Об этом языке в свое время будет напечатано немало исследований. Будет доказано, что это сложный химический сплав нескольких разнообразных жаргонов, и для каждого будут установлены рубрики: вот это воровской, а вот это крестьянский, а вот это солдатский жаргон, - и в конце концов будет доказано, что все эти жаргоны в своем органическом, живом сочетании дали писателю тот лексикон, который по праву называется зощенковским и который получил от Горького наименование: бисер.

Много потребовалось Зощенко творческих сил, чтобы сделать этот язык художественным, экспрессивным и ярким.
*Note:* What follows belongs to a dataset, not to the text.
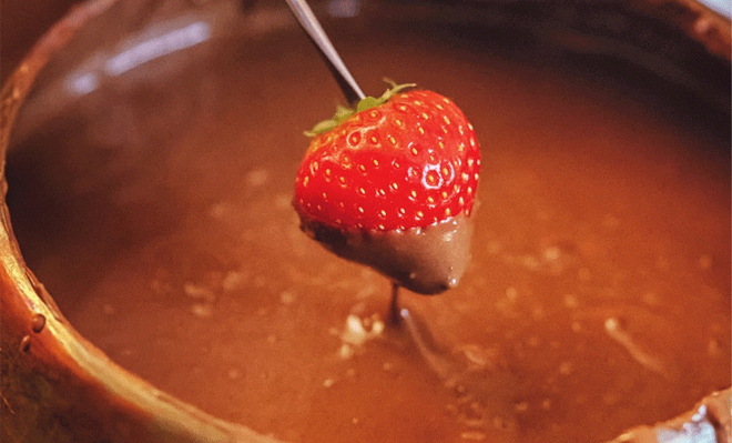 - Para encerrar, o fondue de chocolate preto e branco, acompanhado de frutas frescas da estação e marshmallows. Tudo servido à vontade, garantindo uma experiência completa.
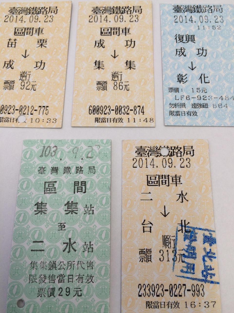 今日の旅で手元に残った台鐡の切符です。

Искусно пользуясь им для своих рассказов и очерков, Зощенко не забывал никогда, что сам по себе этот язык глуповат и что из него можно извлекать без конца множество комических и живописных эффектов именно потому, что он так уродлив, нелеп и смешон.
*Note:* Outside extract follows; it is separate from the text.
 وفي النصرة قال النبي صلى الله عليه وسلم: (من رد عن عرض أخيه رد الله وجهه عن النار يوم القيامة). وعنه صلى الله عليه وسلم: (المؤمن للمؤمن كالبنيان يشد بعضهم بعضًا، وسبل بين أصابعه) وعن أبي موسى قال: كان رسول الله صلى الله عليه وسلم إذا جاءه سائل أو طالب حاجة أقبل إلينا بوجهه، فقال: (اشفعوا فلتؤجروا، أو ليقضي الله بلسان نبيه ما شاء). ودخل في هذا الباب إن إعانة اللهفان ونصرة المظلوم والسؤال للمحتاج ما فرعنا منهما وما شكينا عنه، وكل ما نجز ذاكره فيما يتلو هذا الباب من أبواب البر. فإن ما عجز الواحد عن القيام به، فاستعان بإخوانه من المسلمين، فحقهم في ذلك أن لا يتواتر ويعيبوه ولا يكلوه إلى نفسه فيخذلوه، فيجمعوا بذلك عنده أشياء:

На каждой странице писатель готов отмечать вывихи его синтаксиса, опухоли его словаря, демонстрируя с веселым злорадством полную неспособность ненавистного ему слоя людей пользоваться разумной человеческой речью.

О какой-то женщине они, например, говорят, что она "нюхала цветки и настурции".

Как будто настурции - не цветки!

И вот другая такая же фраза:

"Раздаются крики, возгласы и дамские слезы".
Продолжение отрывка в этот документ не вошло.